Nvidia will add NVLink technology into its Pascal GPU architecture – expected to be introduced in 2016 as the successor to this year’s Maxwell compute architecture. The new interconnect was co-developed with IBM, which will incorporate it in future versions of IBM’s Power CPUs.

With NVLink technology tightly coupling IBM Power CPUs with GPUs, the Power data centre system will be able to use GPU acceleration for a diverse set of applications, such as high performance computing, data analytics, and machine learning.

Today’s GPUs are connected to x86-based CPUs through the PCI Express (PCIe) interface, which limits the GPU’s ability to access the CPU memory system and can be five-times slower than typical CPU memory systems. PCIe is an even greater bottleneck between the GPU and IBM Power CPUs, which have more bandwidth than x86 CPUs. As the NVLink interface will match the bandwidth of typical CPU memory systems, it will enable GPUs to access CPU memory at its full bandwidth.

Accelerated computing applications typically move data from the network or disk storage to CPU memory and then copy the data to GPU memory before it can be crunched by the GPU. With NVLink, the data moves between the CPU memory and GPU memory at much faster speeds, making GPU-accelerated applications run much faster.
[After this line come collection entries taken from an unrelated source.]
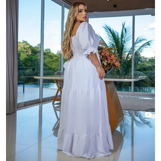 Vestido Longo, confeccionado em tecido Duna . Seu corte trás movimento e leveza na peça, proporcionando estilo e conforto, podendo ser usado tanto durante o dia, quanto durante a noite.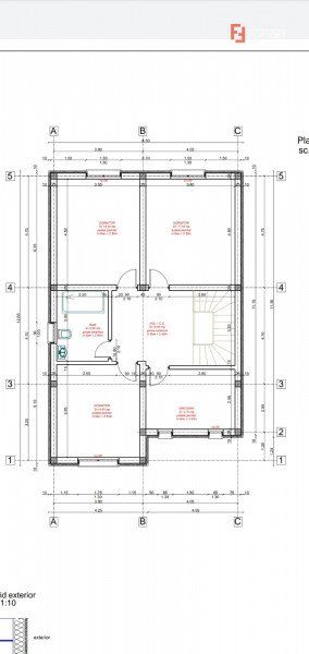 - Etaj: hol, 3 dormitoare, dressing (9mp) baie.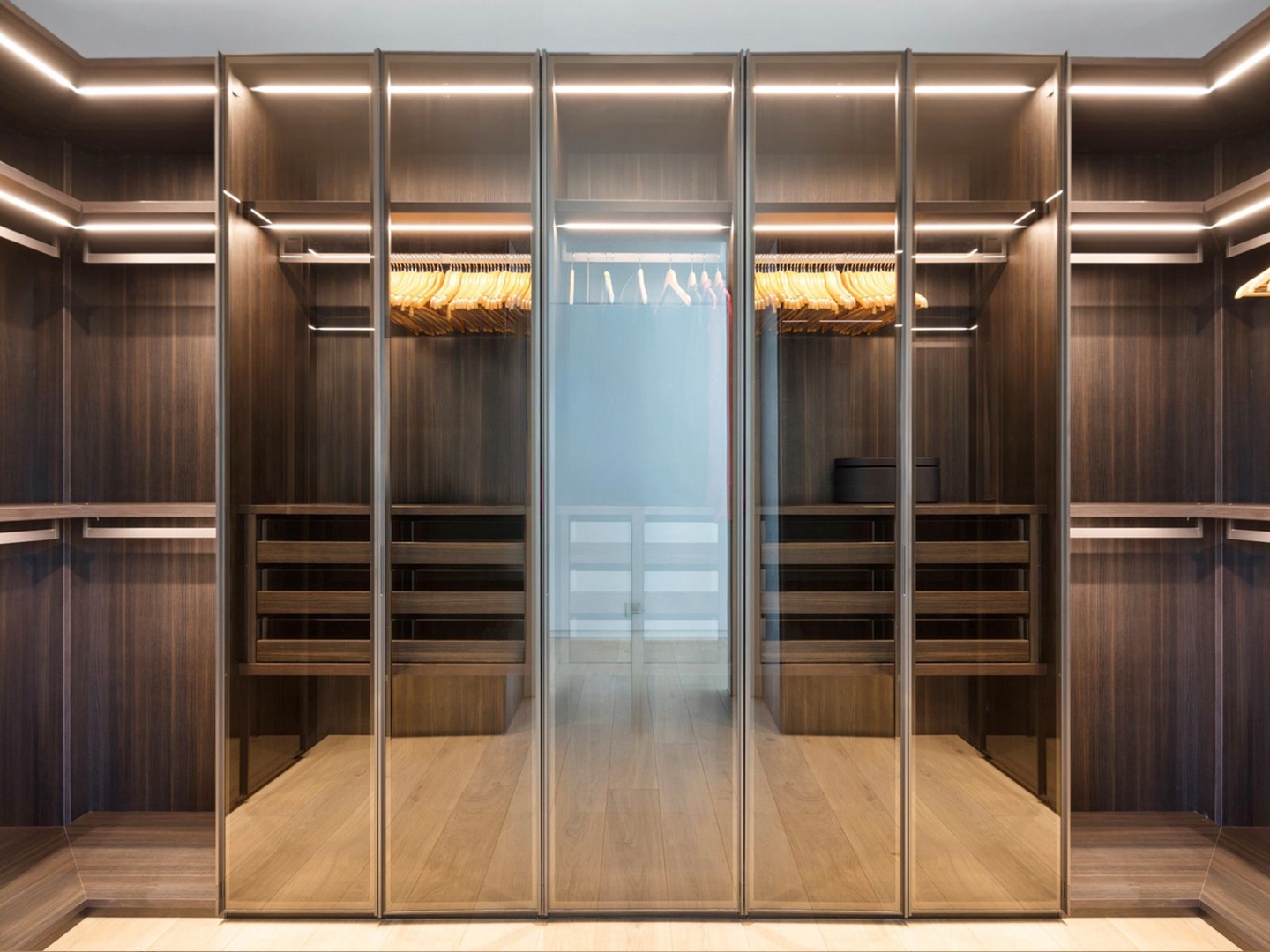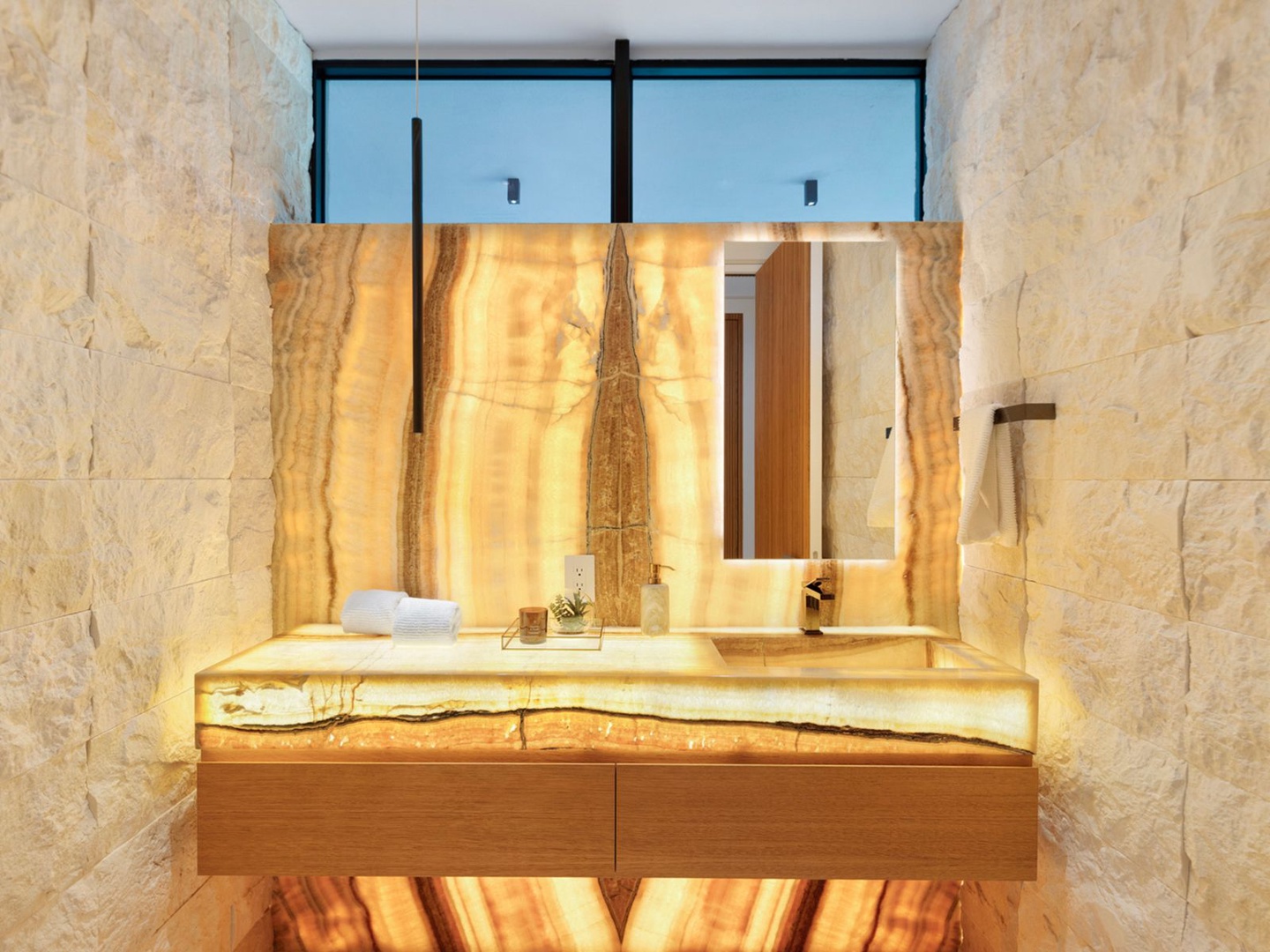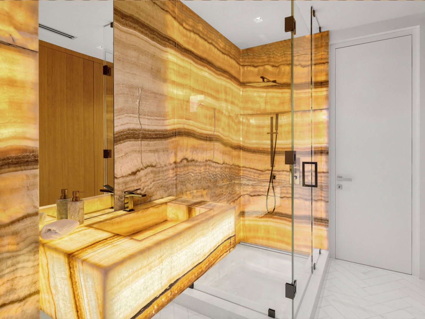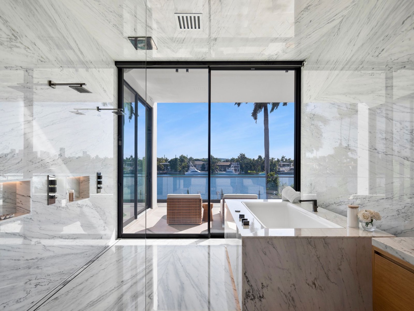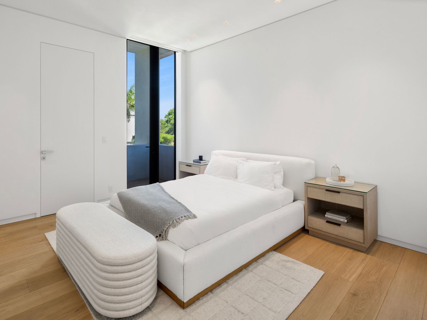 A sculptural floating staircase ascends to an executive office and four impeccably designed ensuite bedrooms, all featuring wide-plank oak flooring. The expansive primary suite is a sanctuary unto itself, offering dual lounge areas, a grand custom dressing room, a midnight bar, and a spa-style marble bath that opens to a private terrace with panoramic city views.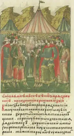 Congress in Isad: Gleb and Konstantin greet the princes. Facial Chronicle, 16th century
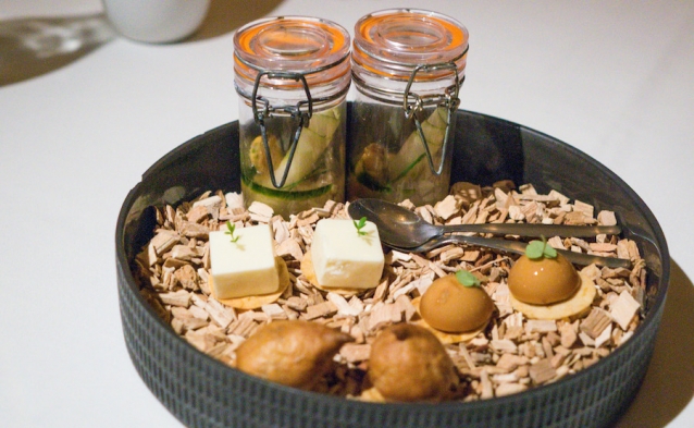 De amuse bestaat bijvoorbeeld uit een klein weckpotje, gevuld met kombucha (gefermenteerde zwarte thee), mossel, peer en lenteui.

‘NVLink enables fast data exchange between CPU and GPU, thereby improving data throughput through the computing system and overcoming a key bottleneck for accelerated computing today,’ said Bradley McCredie, vice president and IBM Fellow at IBM. ‘NVLink makes it easier for developers to modify high-performance and data analytics applications to take advantage of accelerated CPU-GPU systems. We think this technology represents another significant contribution to our OpenPower ecosystem.’